- Your task
Skip every picture while you write out the records below, from the first line through the one that contains "Upgrade your professional", both ends kept.

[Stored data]
━━━━━━━━━━

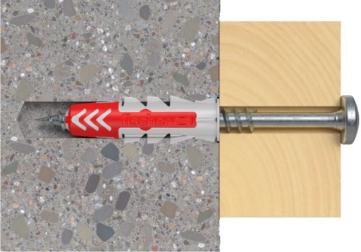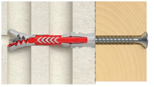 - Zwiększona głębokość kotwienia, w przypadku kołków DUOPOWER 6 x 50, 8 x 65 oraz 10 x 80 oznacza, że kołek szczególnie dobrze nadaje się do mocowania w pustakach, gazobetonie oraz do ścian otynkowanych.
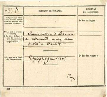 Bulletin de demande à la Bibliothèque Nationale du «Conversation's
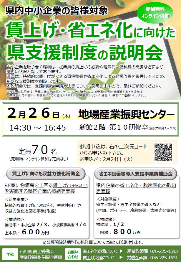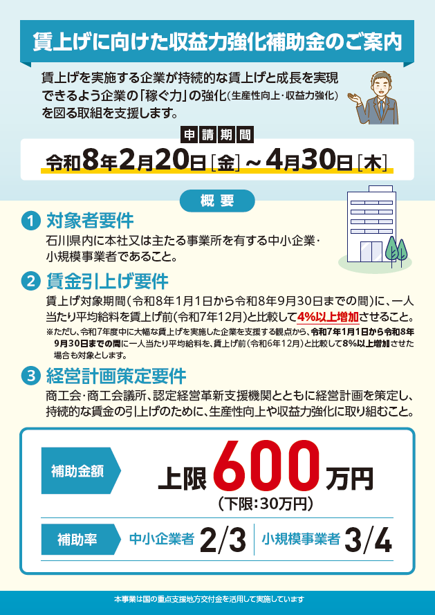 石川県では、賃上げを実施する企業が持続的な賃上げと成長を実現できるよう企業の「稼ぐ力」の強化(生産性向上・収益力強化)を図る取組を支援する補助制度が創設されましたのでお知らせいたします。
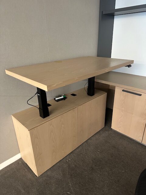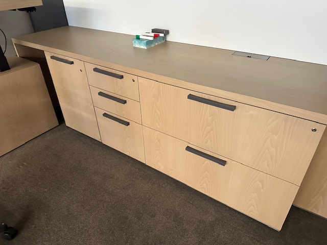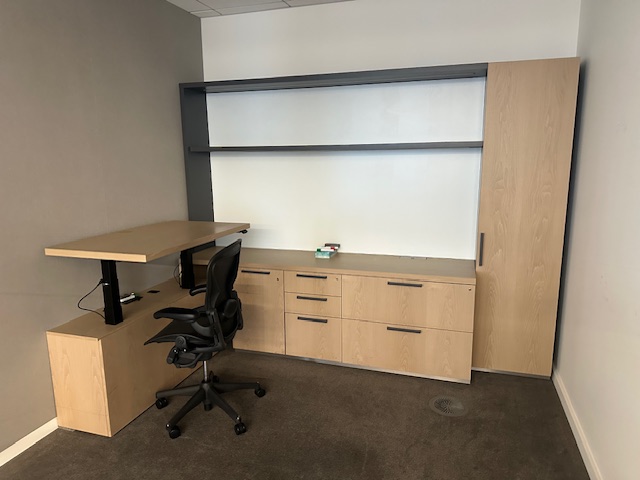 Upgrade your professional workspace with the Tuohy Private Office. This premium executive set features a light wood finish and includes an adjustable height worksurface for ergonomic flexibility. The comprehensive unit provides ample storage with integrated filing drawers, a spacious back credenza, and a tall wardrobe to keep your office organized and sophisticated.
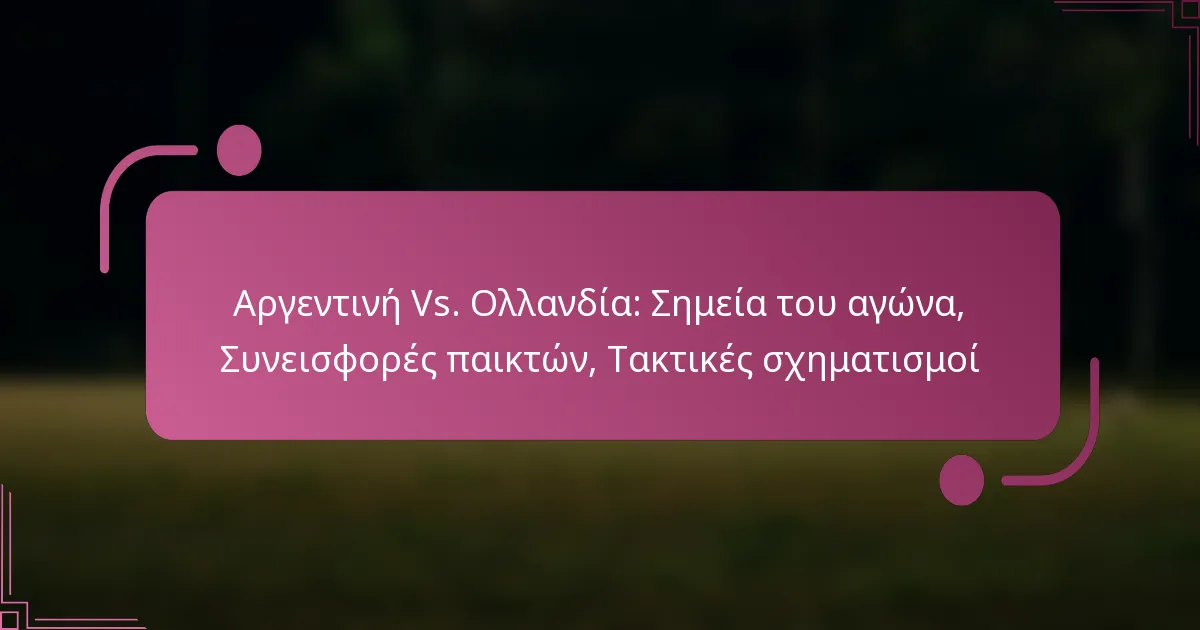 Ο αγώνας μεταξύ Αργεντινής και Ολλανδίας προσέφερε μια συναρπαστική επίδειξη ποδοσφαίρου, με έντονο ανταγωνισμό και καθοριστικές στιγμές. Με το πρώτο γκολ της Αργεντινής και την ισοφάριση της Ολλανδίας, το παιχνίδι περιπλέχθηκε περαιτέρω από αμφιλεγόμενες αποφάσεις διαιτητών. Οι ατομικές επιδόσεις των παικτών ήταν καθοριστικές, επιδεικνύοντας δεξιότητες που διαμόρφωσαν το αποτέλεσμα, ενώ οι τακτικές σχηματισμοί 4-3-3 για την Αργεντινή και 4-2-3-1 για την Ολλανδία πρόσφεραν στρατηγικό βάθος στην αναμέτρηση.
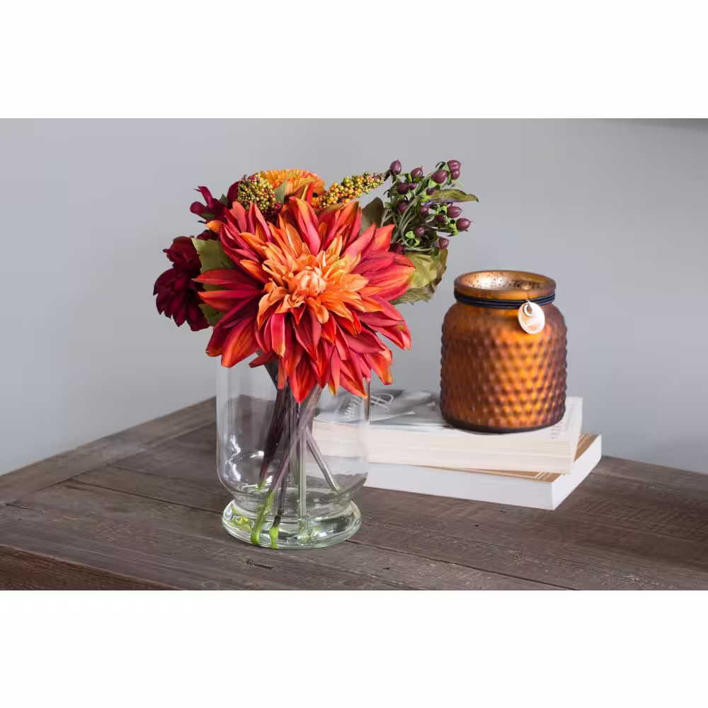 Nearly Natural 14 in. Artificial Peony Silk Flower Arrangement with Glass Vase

━━━━━━━━━━

- Exercise output
 - Zwiększona głębokość kotwienia, w przypadku kołków DUOPOWER 6 x 50, 8 x 65 oraz 10 x 80 oznacza, że kołek szczególnie dobrze nadaje się do mocowania w pustakach, gazobetonie oraz do ścian otynkowanych.
 Bulletin de demande à la Bibliothèque Nationale du «Conversation's
 石川県では、賃上げを実施する企業が持続的な賃上げと成長を実現できるよう企業の「稼ぐ力」の強化(生産性向上・収益力強化)を図る取組を支援する補助制度が創設されましたのでお知らせいたします。
 Upgrade your professional workspace with the Tuohy Private Office. This premium executive set features a light wood finish and includes an adjustable height worksurface for ergonomic flexibility. The comprehensive unit provides ample storage with integrated filing drawers, a spacious back credenza, and a tall wardrobe to keep your office organized and sophisticated.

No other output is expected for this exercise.